Incentives for buying electric cars should be extended to second-hand purchases, according to a new report.

Halfords made the recommendation as it warned the cost of new battery-powered cars is too high for many motorists despite Government grants of up to £3,000.

The most basic new EVs (electric vehicles) start at around £18,000 whereas an average non-luxury model costs nearly £30,000, the motoring products and services provider said.

It called for grants or loans to be made available for drivers across the UK looking to buy used EVs, to boost adoption of the technology.

Transport Scotland, an agency of the Scottish government, recently introduced interest-free five-year loans of up to £20,000 to cover the cost of a used EV.

Some 2.17 million used vehicles changed hands in the UK between July and September last year, according to the Society of Motor Manufacturers and Traders.

Around 590,000 new cars were registered over the same period.

Analysis by Halfords in partnership with research group RAND revealed a regional disparity in the take up of EVs.

Hull, Peterborough and Plymouth have the lowest adoption rates of privately owned ultra-low emission vehicles out of 27 UK towns and cities studied, according to figures seen by the PA news agency.

Their share of the total fleet ranges between just 0.13% and 0.17%.

The London boroughs of Wandsworth and Barnet have the highest figures at 1.60% and 1.42% respectively.

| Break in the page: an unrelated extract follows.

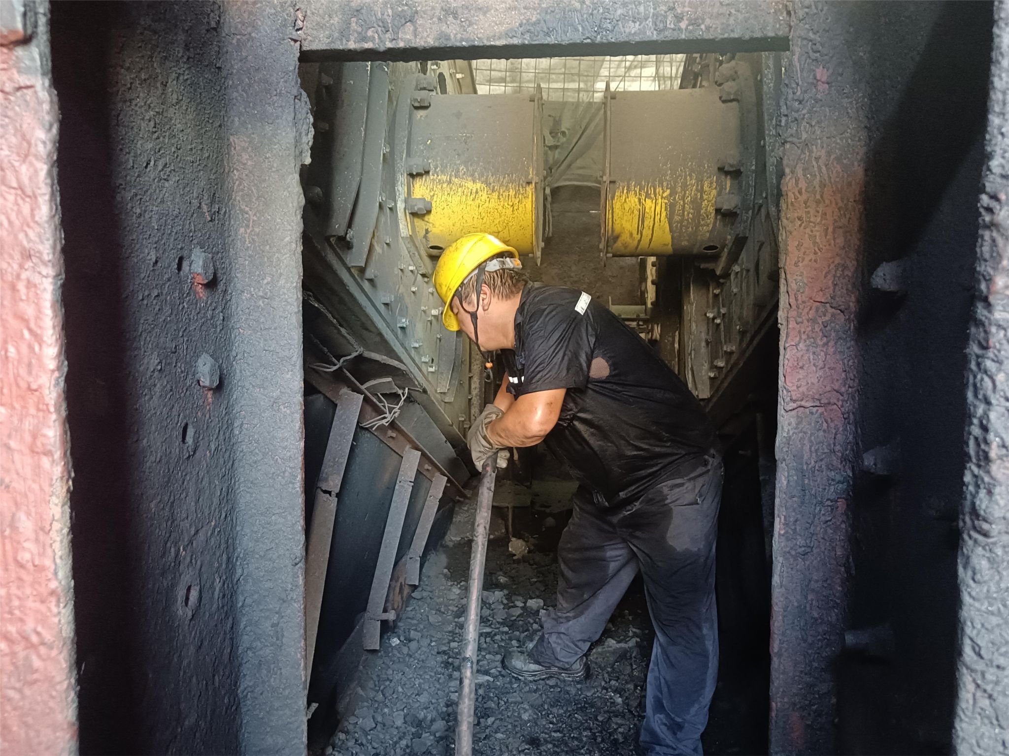 在刺人耳膜的尖啸声中,岗位工老彭紧握风管,一点一点地清理溜槽的积煤、粘煤。由于空间有限,他只能弯着腰进行清理作业,汗水顺着他的脸颊流淌,全身衣服已经湿透,脸上溅满星星点点的煤。老彭顾不得这些,仍在一丝不苟地清理。“只有把溜槽里的积煤、粘煤清理干净,才能保证中夜班正常生产。再热、再累,也值得。”老彭说。

The study also found a correlation between average household income and private EV ownership.

Andy Randall, managing director of Halfords Autocentres, said: “Our research indicates that a more targeted approach to EV incentives may be required if the whole country is to join the green transport revolution.

“We believe this should include financial support for second-hand EV purchases, in the form of interest-free loans or grants, and a renewed focus from central Government on targeting the ongoing EV charging infrastructure rollout in low-demand areas.

“This is crucial if we are to reach the ambitious 2030 target for the end of petrol and diesel vehicle sales.”